Penn State Extension is the backbone of our ability to translate scientific research into real-world applications. Our Extension educators empower people, businesses and communities to solve problems and capture opportunities by providing access to expertise and education. Extension is investing in new technologies to meet the changing needs and expectations of our customers and provide for real-time collaboration across our teams of experts located around the Commonwealth. These investments in Pennsylvania will provide a diverse portfolio of non-credit, online educational opportunities for all Pennsylvanians; real-time communications, alerts, and education for our customers; and increasing accessibility to our teams of experts and programs.

Penn State Health Milton S. Hershey Medical Center

Medical Assistance funds appropriated to the Milton S. Hershey Medical Center through the Pennsylvania Department of Human Services enable citizens of the Commonwealth without the ability to pay to receive medical care at one of the nation’s premier academic medical centers. Since 2013-14, part of this funding has been designated to support the ongoing development of the Regional Medical Campus at University Park. With a focus on the preparation of medical students for careers in primary care and rural medicine, this program addresses the health care needs of both the Centre County region and the entire northern tier of Pennsylvania.

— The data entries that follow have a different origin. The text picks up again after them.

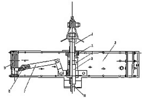 防墜器箱式結(jié)構(gòu)采用###加厚鋼板焊接或螺紋聯(lián)接而成的,箱體的中心部位是力距調(diào)節(jié)裝置和變節(jié)距彈簧儲(chǔ)能裝置,它通過(guò)杠桿與兩端的捕繩裝置相連接,圖中顯示的是靜態(tài)的相互位置關(guān)系。
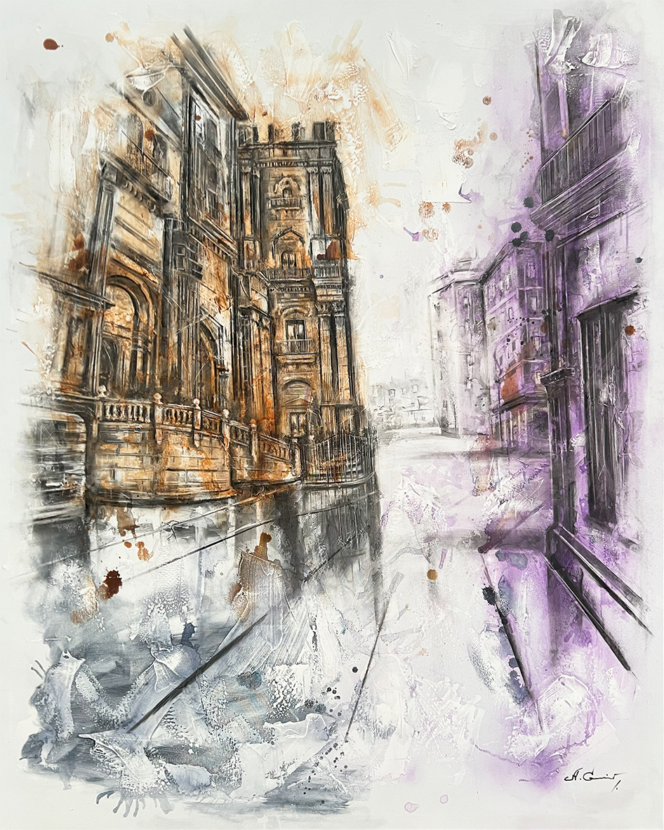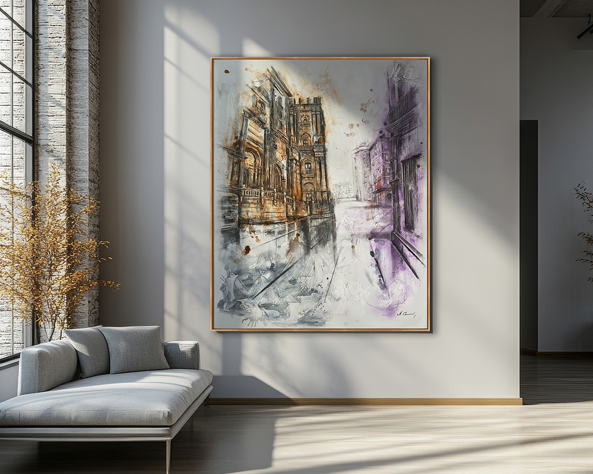 Descubre ‘Tarsel’, una obra que fusiona la arquitectura urbana con una paleta de color evocadora. Esta pieza presenta una composición dividida, donde los tonos ocre y sepia del lado izquierdo, con detalles constructivos, contrastan con los suaves morados y el juego de luces y sombras del lado derecho, que sugiere la profundidad de una calle. La técnica acuarelada aporta una ligereza y fluidez excepcionales. Ideal para decoradores y diseñadores de interiores que buscan piezas que evoquen paisajes urbanos con un toque artístico y sofisticado, aportando profundidad y una narrativa visual única a sus proyectos.
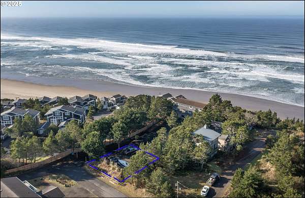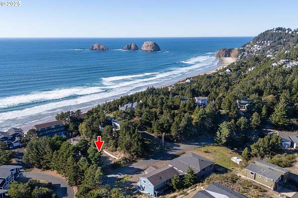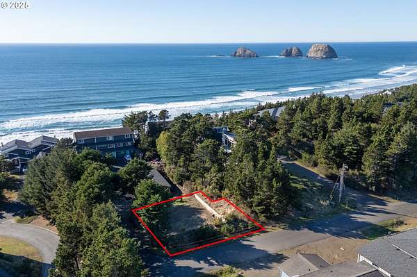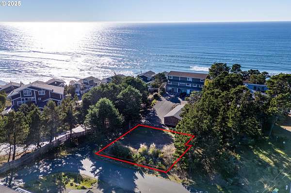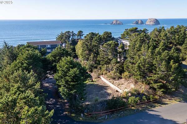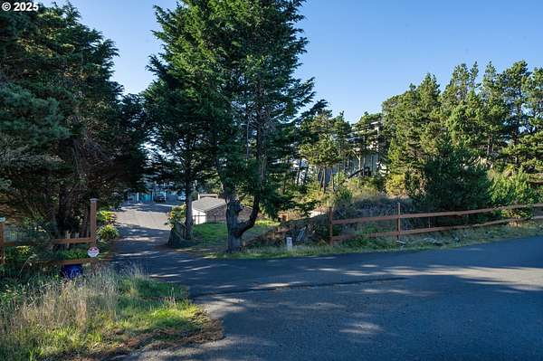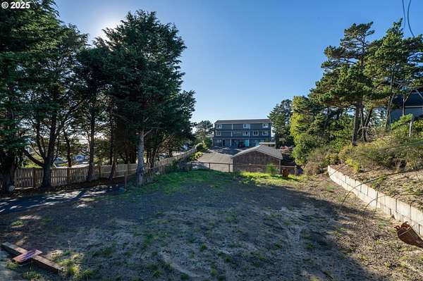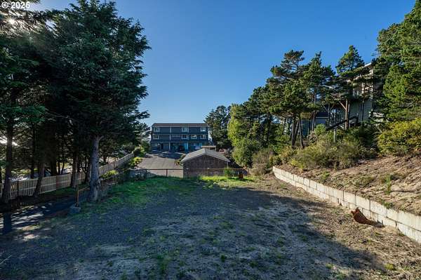 Est $1,345/moOCEANVIEW lot with coveted flat building site, rare in hilly Oceanside. Corner lot in neighborhood of beautiful homes. This single tax lot consists of at least 2 lots of record, so you should be able to build 2 or 3 small houses on it. A cottage cluster? All utilities in the street. High above tsunami zone. Note that the juniper trees along the south edge of lot can be trimmed or removed for the ocean view.
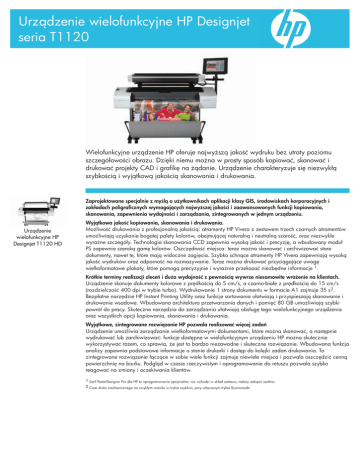 Urządzenie wielofunkcyjne HP Designjet seria T1120 Wielofunkcyjne urządzenie HP oferuje najwyższą jakość wydruku bez utraty poziomu szczegółowości obrazu. Dzięki niemu można w prosty sposób kopiować, skanować i drukować projekty CAD i grafikę na żądanie. Urządzenie charakteryzuje się niezwykłą szybkością i wyjątkową jakością skanowania i drukowania. Zaprojektowane specjalnie z myślą o użytkownikach aplikacji klasy GIS, środowiskach korporacyjnych i zakładach poligraficznych wymagających najwyższej jakości i zaawansowanych funkcji kopiowania, skanowania, zapewnienia wydajności i zarządzania, zintegrowanych w jednym urządzeniu. Urządzenie wielofunkcyjne HP Designjet T1120 HD Wyjątkowa jakość kopiowania, skanowania i drukowania. Możliwość drukowania z profesjonalną jakością: atramenty HP Vivera z zestawem trzech czarnych atramentów umożliwiają uzyskanie bogatej palety kolorów, obejmującej naturalną i neutralną szarość, oraz niezwykle wyraźne szczegóły. Technologia skanowania CCD zapewnia wysoką jakość i precyzję, a wbudowany moduł PS zapewnia szeroką gamę kolorów. Oszczędność miejsca: teraz można skanować i archiwizować stare dokumenty, nawet te, które mają widoczne zagięcia. Szybko schnące atramenty HP Vivera zapewniają wysoką jakość wydruków oraz odporność na rozmazywanie. Teraz można drukować przyciągające uwagę wielkoformatowe plakaty, które pomogą precyzyjnie i wyraźnie przekazać niezbędne informacje 1. Krótkie terminy realizacji zleceń i duża wydajność z pewnością wywrze niesamowite wrażenie na klientach. Urządzenie skanuje dokumenty kolorowe z prędkością do 5 cm/s, a czarno-białe z prędkością do 15 cm/s (rozdzielczość 400 dpi w trybie turbo). Wydrukowanie 1 strony dokumentu w formacie A1 zajmuje 35 s2. Bezpłatne narzędzie HP Instant Printing Utility oraz funkcje sortowania ułatwiają i przyspieszają skanowanie i drukowanie wsadowe. Wbudowana architektura przetwarzania danych i pamięć 80 GB umożliwiają szybki powrót do pracy. Skuteczne narzędzia do zarządzania ułatwiają obsługę tego wielofunkcyjnego urządzenia oraz wszystkich opcji kopiowania, skanowania i drukowania. Wyjątkowe, zintegrowane rozwiązanie HP pozwala realizować więcej zadań Urządzenie umożliwia zarządzanie wielkoformatowymi dokumentami, które można skanować, a następnie wydrukować lub zarchiwizować: funkcje dostępne w wielofunkcyjnym urządzeniu HP można skutecznie wykorzystywać razem, co sprawia, że jest to bardzo niezawodne i skuteczne rozwiązanie. Wbudowana funkcja analizy zapewnia podstawowe informacje o stanie drukarki i dostęp do kolejki zadań drukowania. To zintegrowane rozwiązanie łączące w sobie wiele funkcji zajmuje niewiele miejsca i pozwala oszczędzić cenną powierzchnię na biurku. Podgląd w czasie rzeczywistym i oprogramowanie do retuszu pozwala szybko reagować na zmiany i oczekiwania klientów. 1 Serif PosterDesigner Pro dla HP to oprogramowanie opcjonalne; nie wchodzi w skład zestawu, należy zakupić osobno 2 Czas druku mechanicznego na zwykłym nośniku w trybie szybkim, przy włączonym trybie Economode. Dane techniczne Informacje o zamawianiu Technologia druku Technologia termiczna HP Inkjet Liczba dysz w głowicy drukującej 2112 Rozdzielczość druku Liczba atramentów Rozdzielczość optymalizowana do 2400 x 1200 dpi z rozdzielczości wejściowej 1200 x 1200 przy wyborze maksymalnego oddania szczegółów Błękitny, szary, purpurowy, czarny matowy, czarny fotograficzny, żółty Typy atramentów Barwnikowe (C, M, Y, G, PK), pigmentowe (MK) Objętość kropli atramentu 6 pl (C, M, PK, G), 9 pl (Y, MK) Szybkość skanowania w kolorze (200 dpi/400 dpi w trybie turbo): do 5,1 cm/s; Szybkość skanowania w czerni i bieli (200 dpi/400 dpi w trybie turbo): do 15,2 cm/s Do 9600 dpi Prędkość skanowania Rozdzielczość skanowania Linia Języki drukowania Pamięć Marginesy (w mm) Dokładność linii: +/- 0.1%. Minimalna grubość: Minimalna szerokość linii (adresowalne przez HP-GL/2): 0,02 mm, gwarantowana minimalna grubość linii (ISO/IEC 13660:2001(E)): 0,06 mm Adobe® PostScript® 3, Adobe® PDF 1.6, TIFF, JPEG, HP-GL/2, HP-RTL, CALS G4, HP PCL 3 GUI Standardowo: Drukarka: 384 MB; Skaner: 1 GB; Maksymalnie: Drukarka: 384 MB; Skaner: 1 GB Dysk twardy: Drukarka: Standardowo 80 GB; Skaner: Standardowo 40 GB. 5 mm (górny), 5 mm (prawy), 5 mm (lewy), 16,75 mm (dolny) Formaty nośników Drukarka: Papier typu bond i powlekany (bond, powlekany, powlekany o wysokiej gramaturze, papier o bardzo wysokiej gramaturze oraz matowy, kolorowy), papier techniczny (kalka kreślarska, papier bond półprzezroczysty, welinowy), folia (przezroczysta, matowa, poliestrowa), papier fotograficzny (satynowany, błyszczący, lekko błyszczący, matowy, o wysokim połysku), nośnik podświetlany, nośnik samoprzylepny (two-view cling, papier do użytku w pomieszczeniach, polipropylenowy, winylowy); Skaner: papier gładki, papier welinowy, papier ze wzmocnieniami Mylar, papier sepia, światłokopie, laminat, pianka, tektura. (Nie wolno stosować przezroczystych folii i arkuszy ze sklejki, kamienia, metalu lub arkuszy o powierzchni chropowatej, zabrudzonej, nierównej, z ostrymi krawędziami, spalonych, złączonych metalowymi spinaczami). Standardowo: A4, A3, A2, A1, A0 Maksymalna długość nośnika Rolka: 91,4 m. Arkusz: 1676,4 mm Maksymalna szerokość nośników Drukarka: 1118 mm; Skaner: 1067 mm Grubość nośnika Drukarka: do 0,8 mm; Skaner: do 15,2 mm Zalecana gramatura nośników od 60 do 328 g/m² Rolka Maksymalna średnica: 135 mm Obsługa nośników Drukarka: Podawanie arkuszy, podawanie z roli, automatyczna obcinarka; Skaner: Podawanie arkuszy Interfejsy Wymiary (sz. x gł. x wys.) Standardowo: Drukarka: 1 port Gigabit Ethernet (1000Base-T); 1 szybki port USB 2,0; 1 opcjonalne gniazdo EIO Jetdirect; Skaner: 1 port Gigabit Ethernet (1000Base-T); 1 port FireWi

This funding is used to facilitate contributions by, and collaborations with, the College of Medicine’s Department of Public Health Sciences which supports the analysis of health care needs of the Commonwealth and the development of clinically-integrated networks to meet them. It also supports innovative programs that will enhance the overall health and wellness of Pennsylvanians, particularly those in rural areas who have historically had to drive long distances to access providers for some or all of their health care needs.

Cost Containment Efforts

Two decades of stagnation in the state appropriation and increasing costs needed to fulfill our land-grant mission have led to a two-pronged approach to fill the gap: Budget Reductions and Reallocations (cost savings measures), and Budget Relief (securing external funding to cover activities that would otherwise require General Fund dollars.)

Our budget plan for 2018-19 sets a very aggressive target for budget reallocations as one of the major sources to fund the priorities and mandates in the plan. The target is $34.4 million, not all of which has been identified. We will work diligently toward that goal.